Your story is so physiologically improbable that it makes me wonder if you have some variant of Kleine-Levin Syndrome (sleep disorder with compulsive hunger/eating -
Kleine-Levin Syndrome Foundation Inc. | What is Kleine-Levin Syndrome?), which because you keep such tight psychological and behavioural control of the hunger during the day, has resulted in Night Eating Syndrome (a sleep eating disorder -
Night Eating). Maybe you gain weight on more than 1500 calories/day, despite exercising, because you're eating tons of calories in your sleep.

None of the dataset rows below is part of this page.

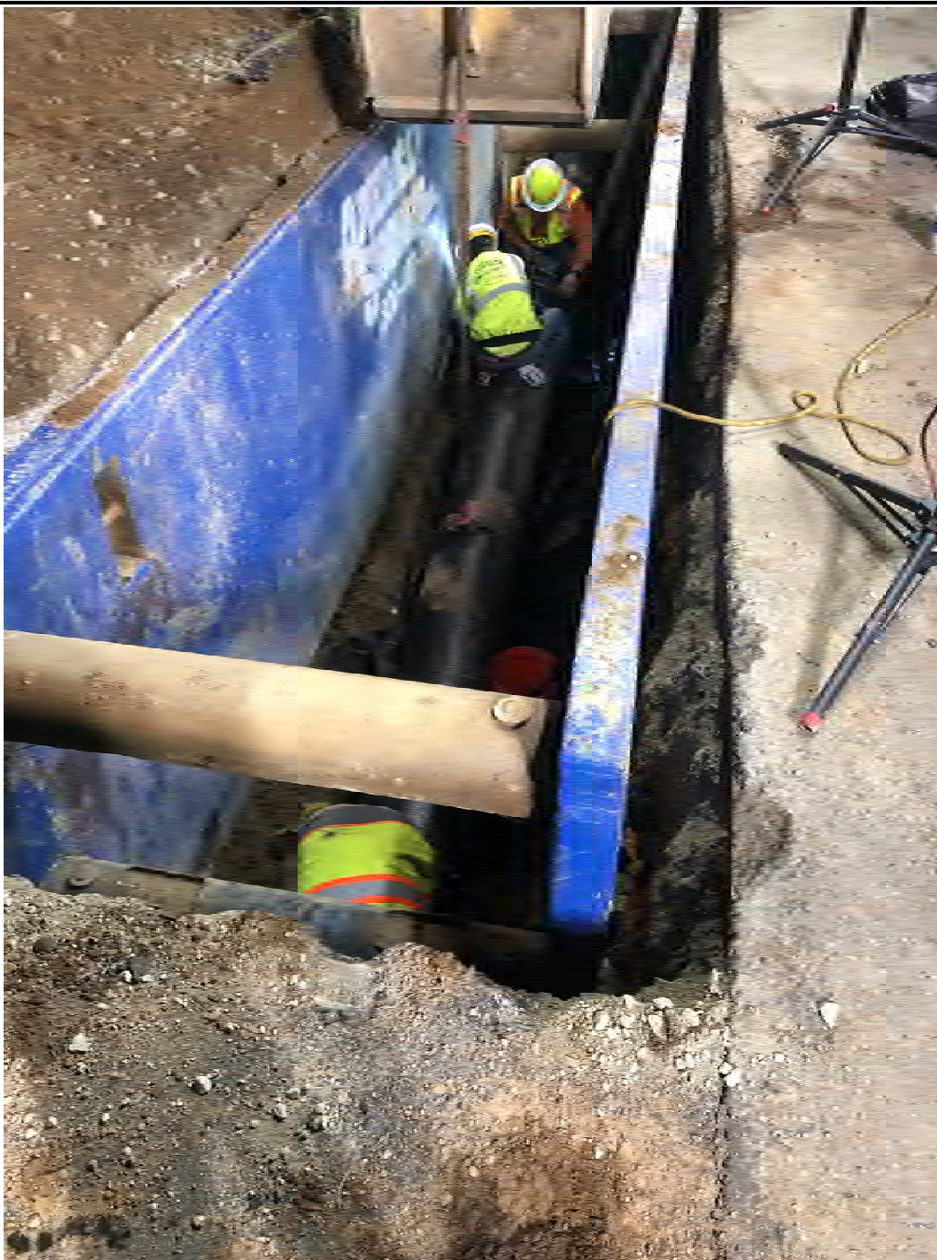
Figure 5 – Making second connection

Date: September 18, 2019 Day of Week: Wednesday Report No: 8 Page: 7 of 10
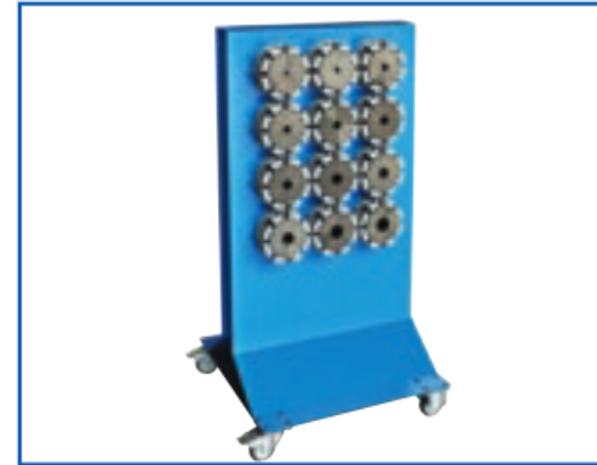
Die Cart (24 pc.) DIECART-V119
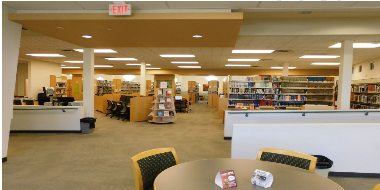
Building M Library
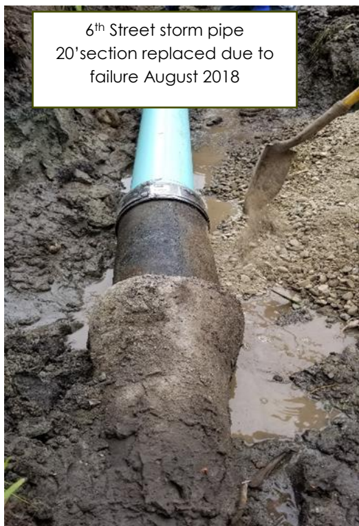
6 th Street storm pipe 20' section replaced due to failure August 2018

ELECTION November 5, 2019 | Design & Engineering 2020 est. | Construction 2021 est.
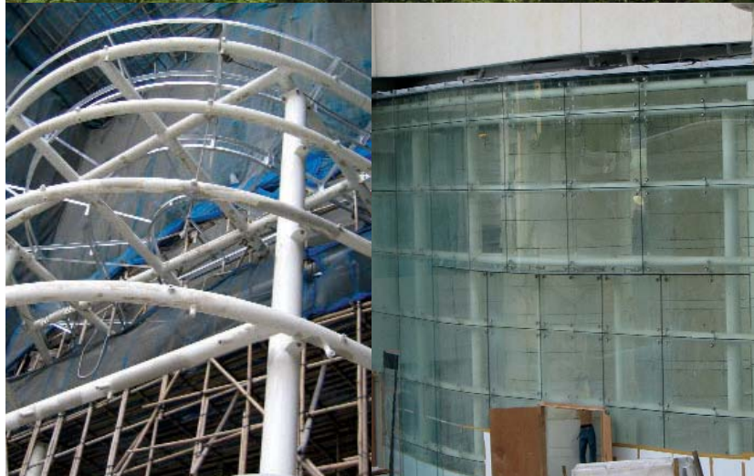
Residence Bel-Air ,Cyber Port R5 貝沙灣 數碼港 R5

Main Contractor: Paul Y. General Contractors Ltd. 保華建築營造有限公司
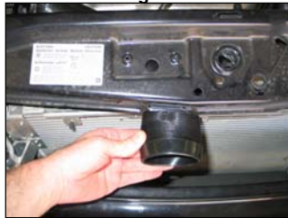
Fig. # 18
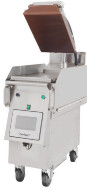
Model XPG12 Shown with straight grease cans
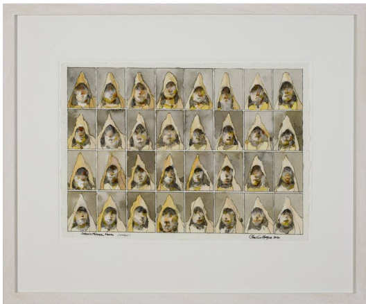
Skellig Michael Monks October, Watercolour on Handmade Paper, 30 x 40cm, €4,000.
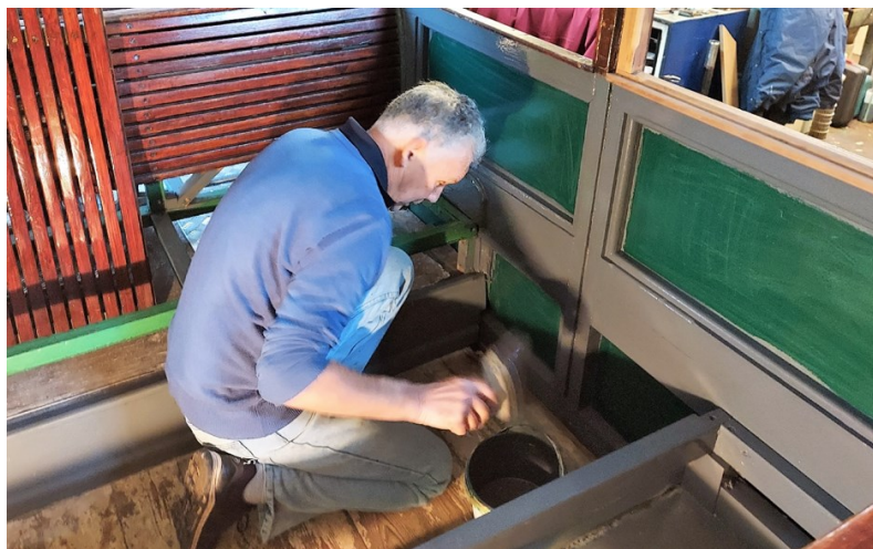
Priming of interior woodwork continues

From the sounds of your responses, you feel like you've tried everything, when in fact, it sounds like there's a lot you don't know. Your medical, nutritional and exercise knowledge base in this area is not comprehensive enough to conclude that things are hopeless for you. Yet, you are reluctant to seek expert medical advice. I don't know why you're aversive to seeing doctors, but as an MD myself, I do hear this a lot from patients, and I think it's important to get past for health reasons.
In the end, I think a big problem for you will be that your problem is multi-factorial, so you will need the opinion of a number of medical experts (maybe a geneticist, an endocrinologist, a psychiatrist, a neurologist, a sleep medicine specialist, etc.) to get a final diagnosis. In the Canadian health care system where I am, that may be more feasible to do, so maybe I'm biased by not knowing your situation. At any rate, your family doctor should be the place to start.
Good luck.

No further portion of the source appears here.